Crisp morning air, auburn leaves, sugary sweet apples – these are a few of the things we love best about fall in Minnesota. I relish the evenings when the wind blowing in through our bedroom window is cool enough to send me crawling under the blankets and though I resent the darkness for arriving earlier and earlier each night, I run almost gleefully for the matches to light torches in the backyard before settling into our old wooden swing to sip wine and watch bats flutter in the sky. Like most Minnesotans, autumn is my favorite time of year, and yet, the minute the leaves begin to change, I start to feel a sense of loss and sadness. It’s like listening to Simon and Garfunkel and feeling melancholy for no particular reason. Perhaps it’s the fleeting nature of the fall, so beautiful and yet it slips through our fingers like sand, impossible to hold on to for long.
Then, there are the rituals of fall that fill one with a great sense of satisfaction. Just this past weekend, I plunked a gourd down on the front stoop, planted scarecrows in the garden and dug the Halloween decorations out of the basement. Though I haven’t acknowledged it yet, golden leaves have begun to drop on my lawn and I know that it is only a matter of time before I’ll participate in the annual tradition of raking as well. Yes, the chore is mundane, but in a zen-like way it is also rather pleasant. Unlike mowing, it is a quiet activity and as such, you are able to appreciate the sights and sounds of your surroundings while you work or, better yet, recruit a friend to your efforts.
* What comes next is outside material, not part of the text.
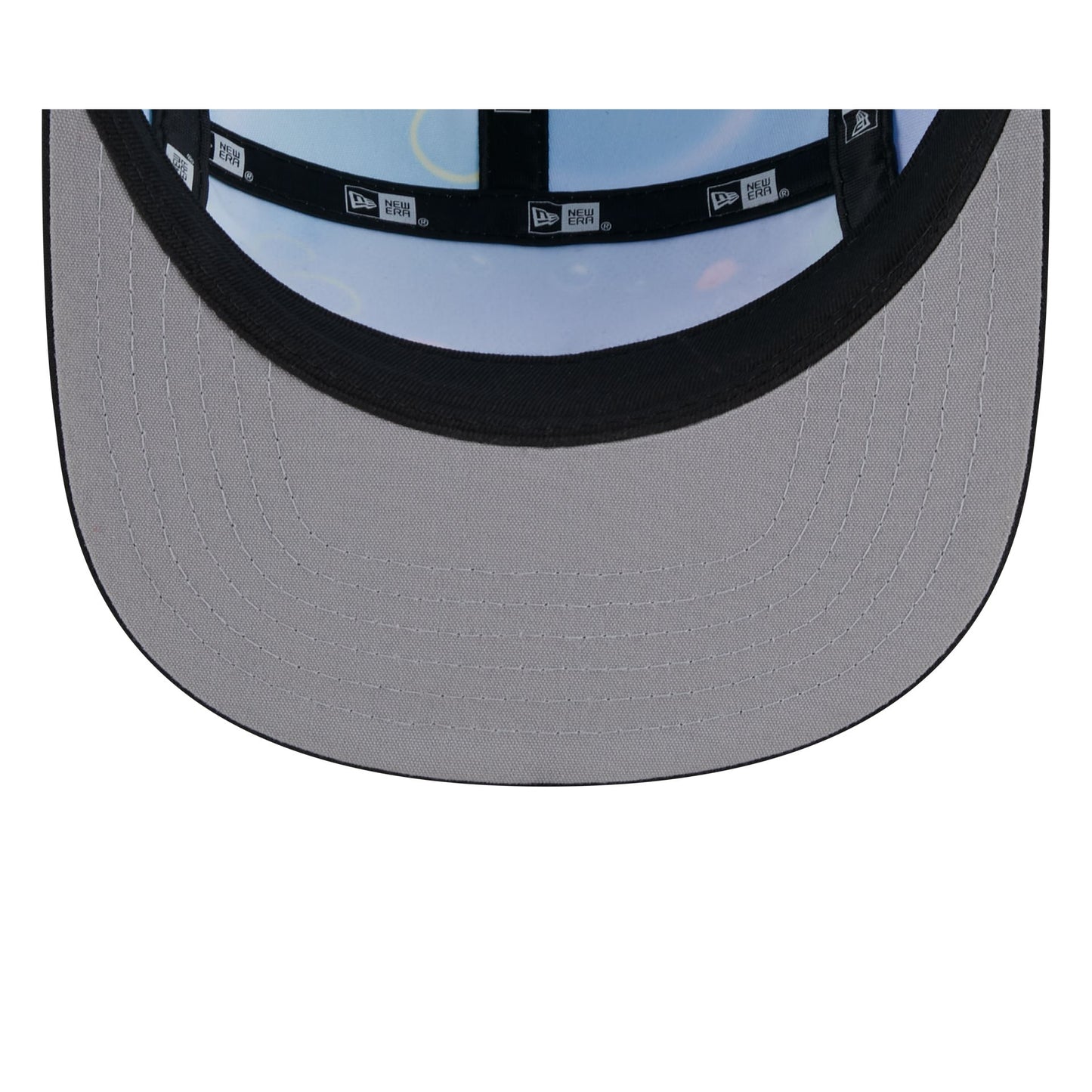 The SpongeBob SquarePants Jellyfish Camper features a jellyfish print crown with an embroidered SpongeBob patch at the right-wear side, a gray undervisor, and a strapback closure at the rear.

In many places, leaf raking has become a community building exercise. Churches and local nonprofits recruit volunteers to rake yards for the elderly and disabled. In recent years, the Freshwater Society has helped neighbors and community groups to organize leaf clean-ups for clean water as well. Homeowners and volunteers come together to rake leaves out of streets and storm drains, as well as yards, so that they don’t wash into local lakes and rivers and cause algae blooms the next year. Last year, for example, 26,334 Girl Scouts from 49 counties across Minnesota, Wisconsin and Iowa collected 101,904 bags of leaves, which would have otherwise contributed 20,000 pounds of phosphorus to local waterways. In addition, the girls marked 6,872 storm drains with clean water messages and distributed 50,000 door hangers.
Unlike planting trees or building a raingarden, raking leaves out of the street is an activity that must be done over and over, year after year, to protect our lakes and streams. Though beautiful, those colorful falling leaves break down in our storm sewer systems, creating pulses of phosphorus that feed algae the next year. It’s natural and healthy for some leaves to decompose in our lakes and rivers, but storm sewers in our streets carry much more leaves and nutrients into the water than is needed. Rather than cursing this condition that we’ve created, however, we can breathe deep and appreciate the opportunity these leaves give us to participate in the traditions of fall.
Bundle up for a high school football game. Sip a pumpkin spice latte. Get lost in a nearby corn maze. Then, rake the leaves from your yard and the leaves from your street while you ponder the passage of time and hum a tune from Simon and Garfunkel.